- **EXERCISE DETAILS**
Please repeat the lines below, exactly and only, from the one that holds "4月11日晚間,泉為科技發(fā)布公告" through the one that holds "我最愛的酸辣海鮮湯,大家都說".

- **AVAILABLE DATA**
+++
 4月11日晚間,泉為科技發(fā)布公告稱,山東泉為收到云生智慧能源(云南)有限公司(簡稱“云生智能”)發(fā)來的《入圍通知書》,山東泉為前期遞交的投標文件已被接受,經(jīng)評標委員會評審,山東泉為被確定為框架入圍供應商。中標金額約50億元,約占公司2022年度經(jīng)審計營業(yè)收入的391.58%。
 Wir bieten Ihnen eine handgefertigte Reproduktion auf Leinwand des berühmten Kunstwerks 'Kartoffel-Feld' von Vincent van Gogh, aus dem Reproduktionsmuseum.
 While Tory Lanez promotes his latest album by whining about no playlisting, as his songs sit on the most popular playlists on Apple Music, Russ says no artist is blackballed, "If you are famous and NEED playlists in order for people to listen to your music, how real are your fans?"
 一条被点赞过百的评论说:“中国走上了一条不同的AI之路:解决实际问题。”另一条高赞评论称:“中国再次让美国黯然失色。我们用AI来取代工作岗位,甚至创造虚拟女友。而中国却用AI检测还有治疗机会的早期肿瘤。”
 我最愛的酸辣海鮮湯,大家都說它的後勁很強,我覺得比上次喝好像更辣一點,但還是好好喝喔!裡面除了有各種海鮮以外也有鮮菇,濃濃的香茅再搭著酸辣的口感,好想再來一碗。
+++
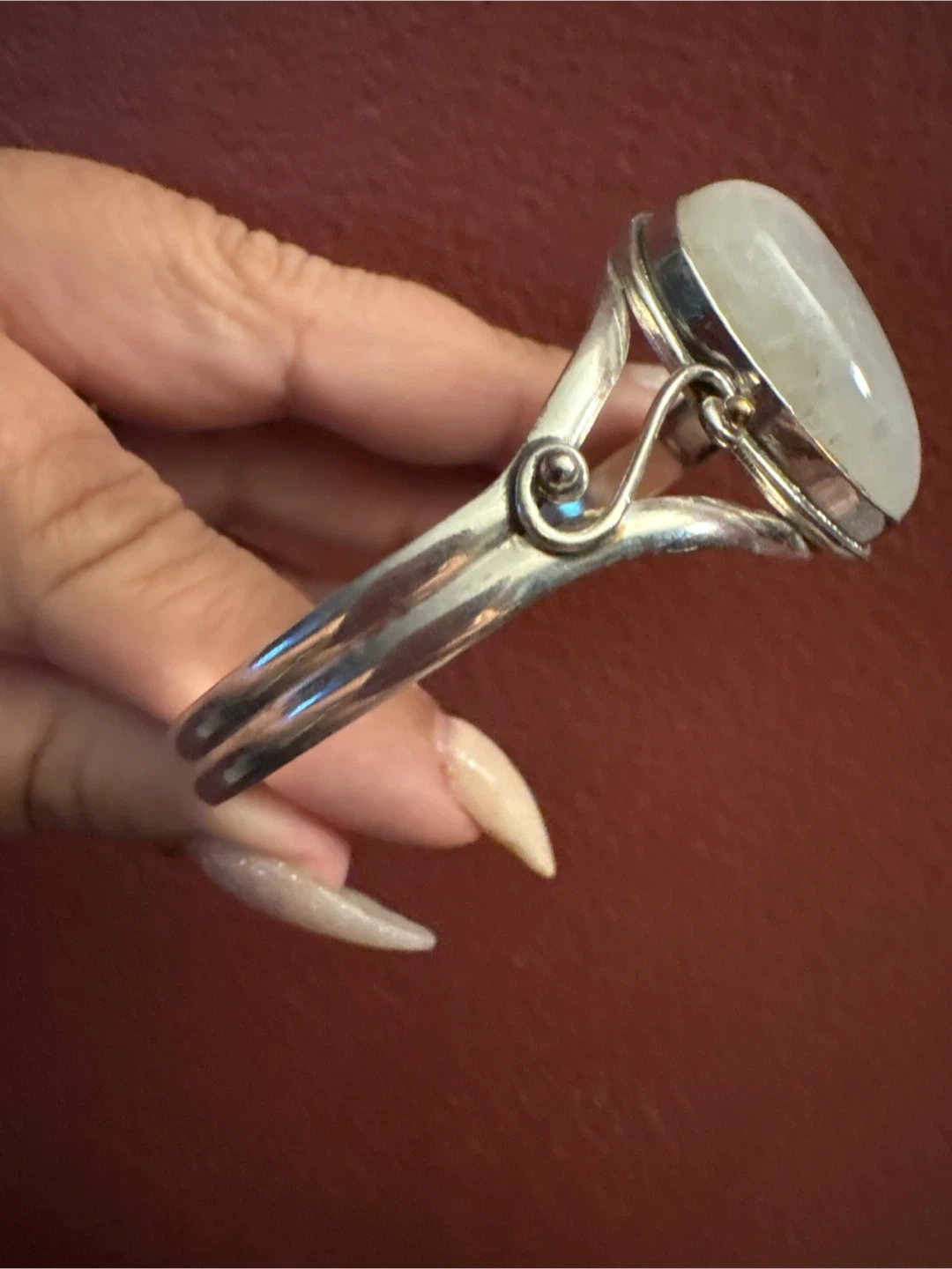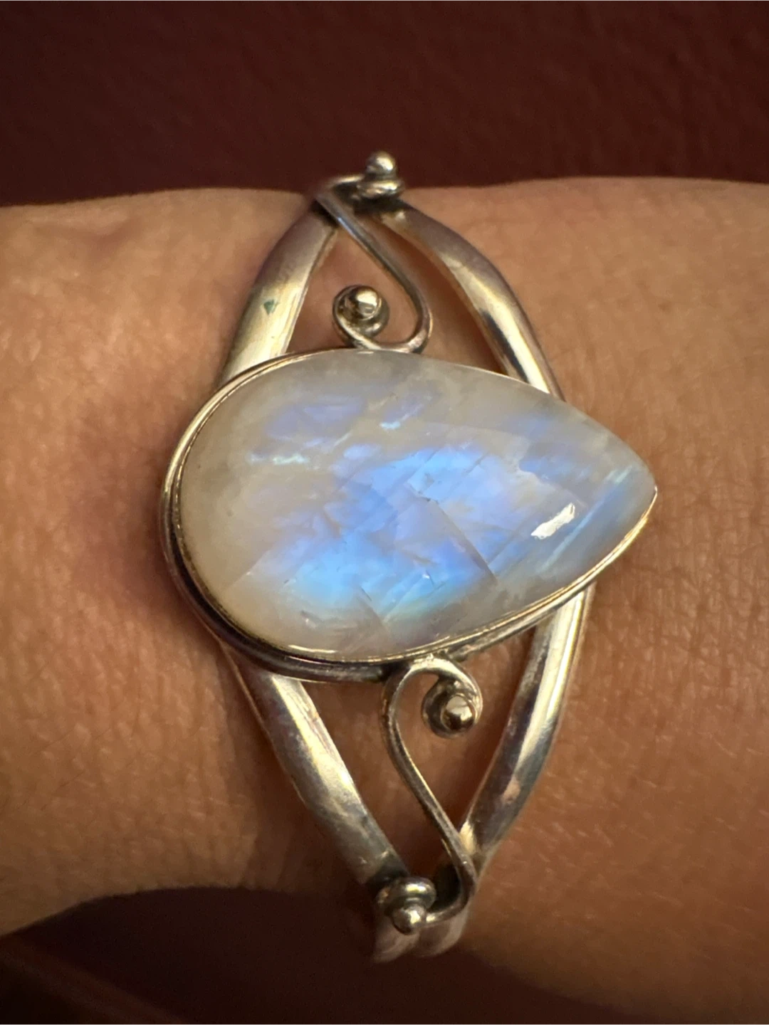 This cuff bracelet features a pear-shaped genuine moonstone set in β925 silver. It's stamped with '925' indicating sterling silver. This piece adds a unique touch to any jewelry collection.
+++
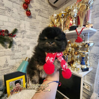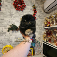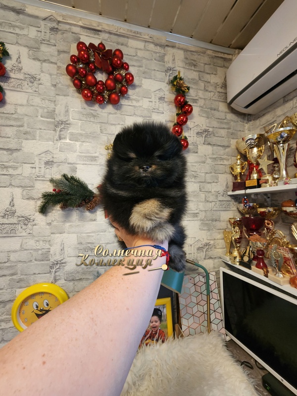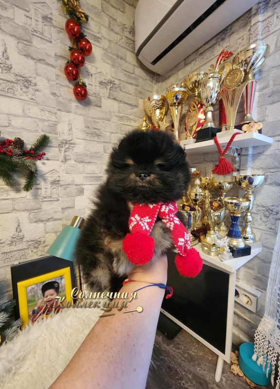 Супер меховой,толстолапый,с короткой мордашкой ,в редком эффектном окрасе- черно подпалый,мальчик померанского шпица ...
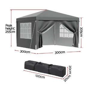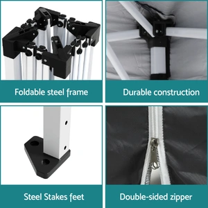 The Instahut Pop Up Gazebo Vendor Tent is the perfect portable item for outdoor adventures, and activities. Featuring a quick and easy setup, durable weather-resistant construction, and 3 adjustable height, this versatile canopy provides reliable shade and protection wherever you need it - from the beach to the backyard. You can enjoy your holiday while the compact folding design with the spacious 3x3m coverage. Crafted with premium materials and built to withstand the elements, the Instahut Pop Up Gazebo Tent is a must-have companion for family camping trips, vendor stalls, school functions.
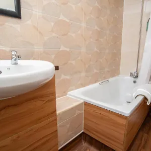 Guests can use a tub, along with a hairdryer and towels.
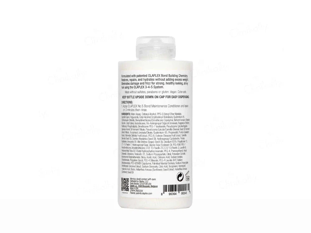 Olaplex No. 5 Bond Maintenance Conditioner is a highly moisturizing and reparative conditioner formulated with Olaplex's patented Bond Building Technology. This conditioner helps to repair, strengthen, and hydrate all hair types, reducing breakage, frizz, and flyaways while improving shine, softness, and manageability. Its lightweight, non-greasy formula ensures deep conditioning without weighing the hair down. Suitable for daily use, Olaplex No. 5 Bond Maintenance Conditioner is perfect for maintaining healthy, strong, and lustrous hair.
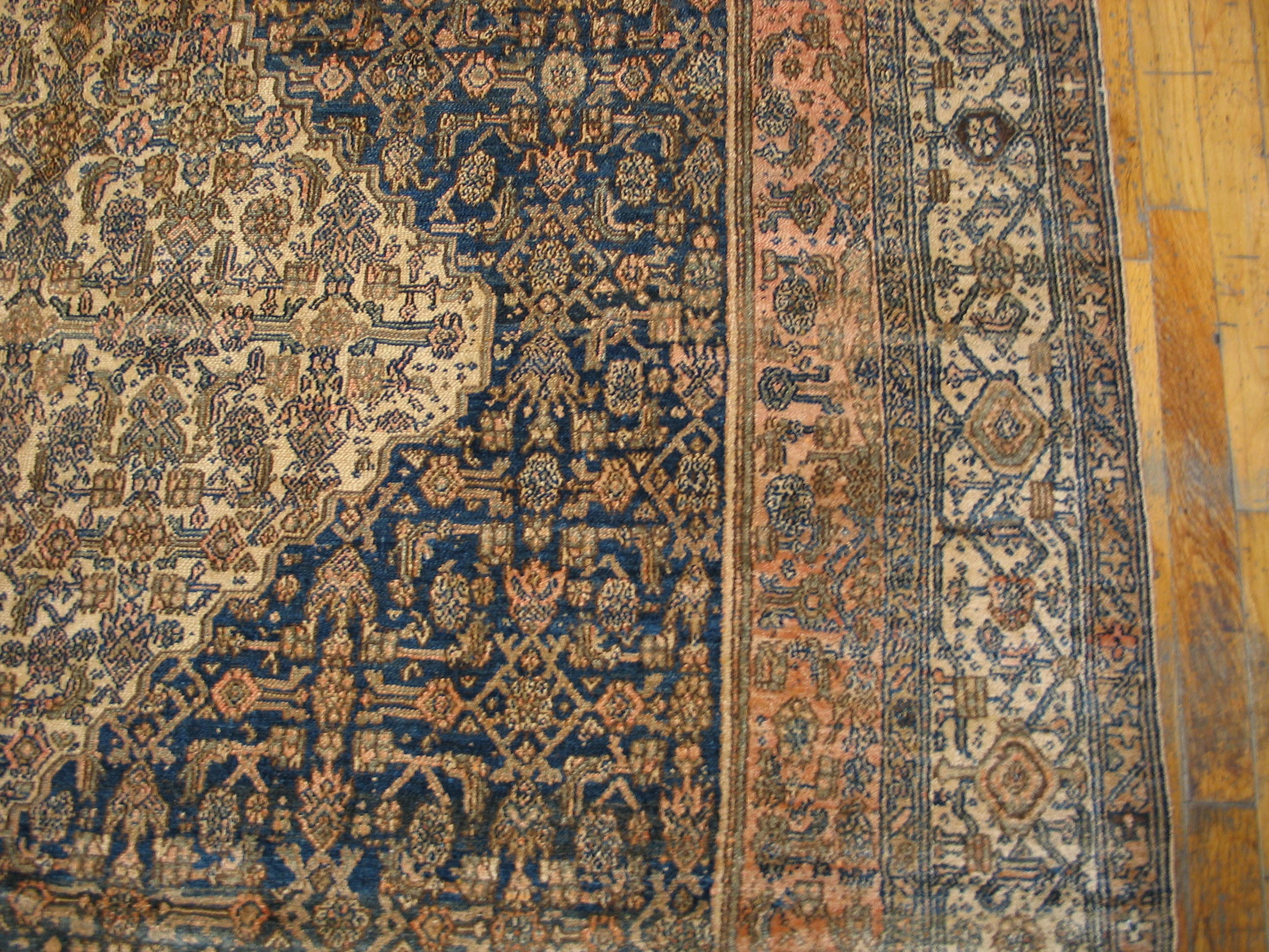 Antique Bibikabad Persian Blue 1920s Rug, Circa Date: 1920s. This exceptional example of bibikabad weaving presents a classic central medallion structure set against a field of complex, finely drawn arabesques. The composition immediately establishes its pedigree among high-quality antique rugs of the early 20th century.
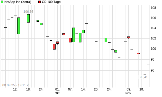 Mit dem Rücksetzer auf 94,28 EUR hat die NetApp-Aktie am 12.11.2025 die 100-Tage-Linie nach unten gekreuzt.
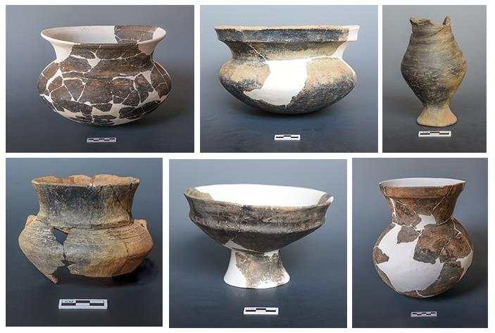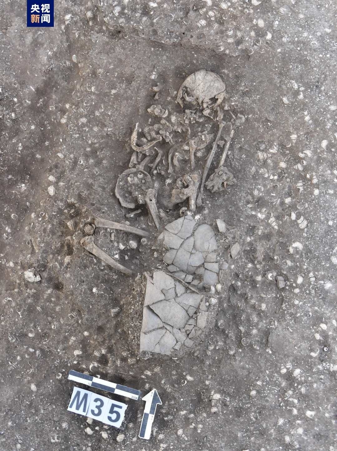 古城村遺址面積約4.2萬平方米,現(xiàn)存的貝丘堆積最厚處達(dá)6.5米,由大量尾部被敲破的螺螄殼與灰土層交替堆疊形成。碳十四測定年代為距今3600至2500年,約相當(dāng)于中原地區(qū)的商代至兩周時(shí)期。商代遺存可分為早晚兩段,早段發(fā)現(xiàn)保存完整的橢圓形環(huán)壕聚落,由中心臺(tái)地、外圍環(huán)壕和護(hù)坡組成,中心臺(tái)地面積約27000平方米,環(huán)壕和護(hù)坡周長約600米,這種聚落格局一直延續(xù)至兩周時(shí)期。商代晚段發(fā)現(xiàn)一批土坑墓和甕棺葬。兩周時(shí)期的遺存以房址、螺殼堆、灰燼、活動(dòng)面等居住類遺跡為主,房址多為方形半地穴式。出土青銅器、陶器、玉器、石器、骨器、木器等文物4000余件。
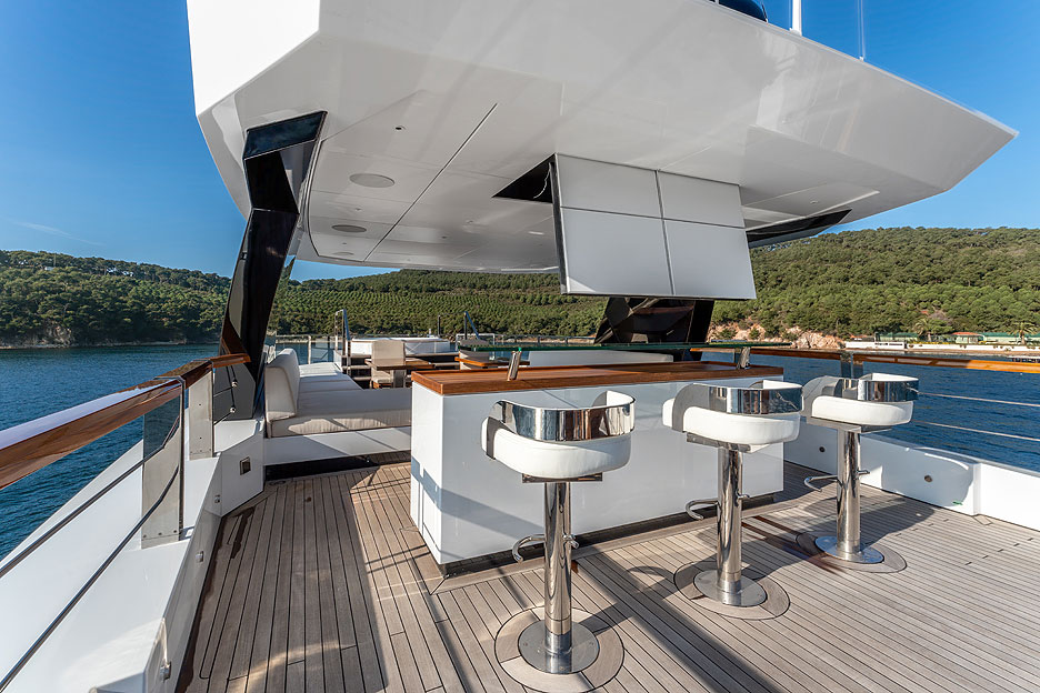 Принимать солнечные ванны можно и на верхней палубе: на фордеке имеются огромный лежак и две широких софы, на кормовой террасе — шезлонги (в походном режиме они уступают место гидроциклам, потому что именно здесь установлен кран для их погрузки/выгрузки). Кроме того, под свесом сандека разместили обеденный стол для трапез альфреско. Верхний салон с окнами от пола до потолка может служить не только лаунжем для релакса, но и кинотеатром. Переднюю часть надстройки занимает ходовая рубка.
+++
- **ANSWER SECTION**
 4月11日晚間,泉為科技發(fā)布公告稱,山東泉為收到云生智慧能源(云南)有限公司(簡稱“云生智能”)發(fā)來的《入圍通知書》,山東泉為前期遞交的投標文件已被接受,經(jīng)評標委員會評審,山東泉為被確定為框架入圍供應商。中標金額約50億元,約占公司2022年度經(jīng)審計營業(yè)收入的391.58%。
 Wir bieten Ihnen eine handgefertigte Reproduktion auf Leinwand des berühmten Kunstwerks 'Kartoffel-Feld' von Vincent van Gogh, aus dem Reproduktionsmuseum.
 While Tory Lanez promotes his latest album by whining about no playlisting, as his songs sit on the most popular playlists on Apple Music, Russ says no artist is blackballed, "If you are famous and NEED playlists in order for people to listen to your music, how real are your fans?"
 一条被点赞过百的评论说:“中国走上了一条不同的AI之路:解决实际问题。”另一条高赞评论称:“中国再次让美国黯然失色。我们用AI来取代工作岗位,甚至创造虚拟女友。而中国却用AI检测还有治疗机会的早期肿瘤。”
 我最愛的酸辣海鮮湯,大家都說它的後勁很強,我覺得比上次喝好像更辣一點,但還是好好喝喔!裡面除了有各種海鮮以外也有鮮菇,濃濃的香茅再搭著酸辣的口感,好想再來一碗。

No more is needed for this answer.